AIM OF THE TASK → Everything from the line holding "Lata 90-te w" to the last line of the material below must be retyped exactly, minus any pictures.

AVAILABLE DATA →
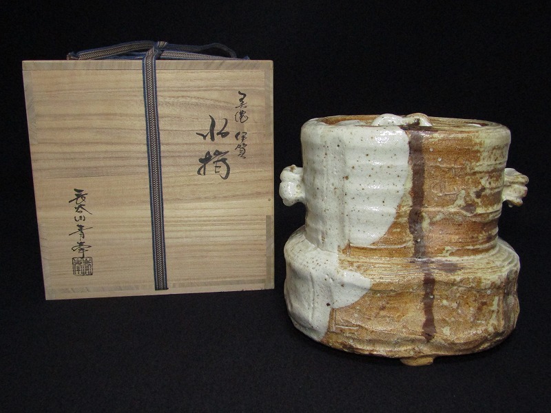 Product name: 長谷川青峯 美濃伊賀 耳付 水指 共箱 茶道具 替蓋付き fg28-8271[GGG]
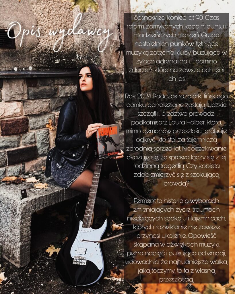 Lata 90-te w „Fermencie” stanowią jedną z dwóch linii czasowych, w których Przemysław Żarski osadził fabułę swojego najnowszego kryminału. Postkomunistyczna Polska, Sosnowiec, czas reform ustrojowych, zamykania kopalni i masowych zwolnień. Szare blokowiska nawiedza widmo porażek finansowych, alkoholowych cugów, agresji za zamkniętymi drzwiami. Rodziny cierpią wskutek wielu problemów, próżno szukać społecznego porozumienia, gdy nawet w domach dochodzi do pasma nieustających awantur. Głównymi bohaterami „Fermentu” jest dorastająca ekipa nastolatków, która próbuje swoich sił na scenie punk rocka. Druga oś narracji rozgrywa się w 2024 roku, w momencie, gdy w piwnicy jednego z domków zostają odnalezione ludzkie zwłoki…
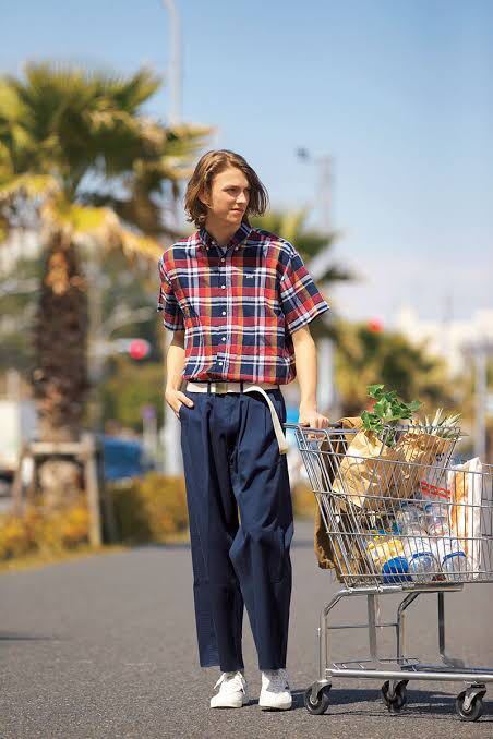 ワイドなシルエットがこなれ感を演出し、ワークテイストな雰囲気に。
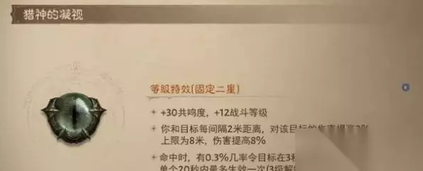 伤害类评价:★★★☆ 实用性评价:★★★ 闪电核心是所有职业都可以用的技能型增伤宝石,普攻和移动充能偏向力量职业但20秒冷却一次其实都能快速充满不用考虑。释放闪电后有3%的增伤效果,是2星技能输出类宝石里比较好用的,和力量统御一样想要增伤觉醒带个10级都可以。 TOP5:猎神的凝视

WRITTEN SOLUTION →
 Lata 90-te w „Fermencie” stanowią jedną z dwóch linii czasowych, w których Przemysław Żarski osadził fabułę swojego najnowszego kryminału. Postkomunistyczna Polska, Sosnowiec, czas reform ustrojowych, zamykania kopalni i masowych zwolnień. Szare blokowiska nawiedza widmo porażek finansowych, alkoholowych cugów, agresji za zamkniętymi drzwiami. Rodziny cierpią wskutek wielu problemów, próżno szukać społecznego porozumienia, gdy nawet w domach dochodzi do pasma nieustających awantur. Głównymi bohaterami „Fermentu” jest dorastająca ekipa nastolatków, która próbuje swoich sił na scenie punk rocka. Druga oś narracji rozgrywa się w 2024 roku, w momencie, gdy w piwnicy jednego z domków zostają odnalezione ludzkie zwłoki…
 ワイドなシルエットがこなれ感を演出し、ワークテイストな雰囲気に。
 伤害类评价:★★★☆ 实用性评价:★★★ 闪电核心是所有职业都可以用的技能型增伤宝石,普攻和移动充能偏向力量职业但20秒冷却一次其实都能快速充满不用考虑。释放闪电后有3%的增伤效果,是2星技能输出类宝石里比较好用的,和力量统御一样想要增伤觉醒带个10级都可以。 TOP5:猎神的凝视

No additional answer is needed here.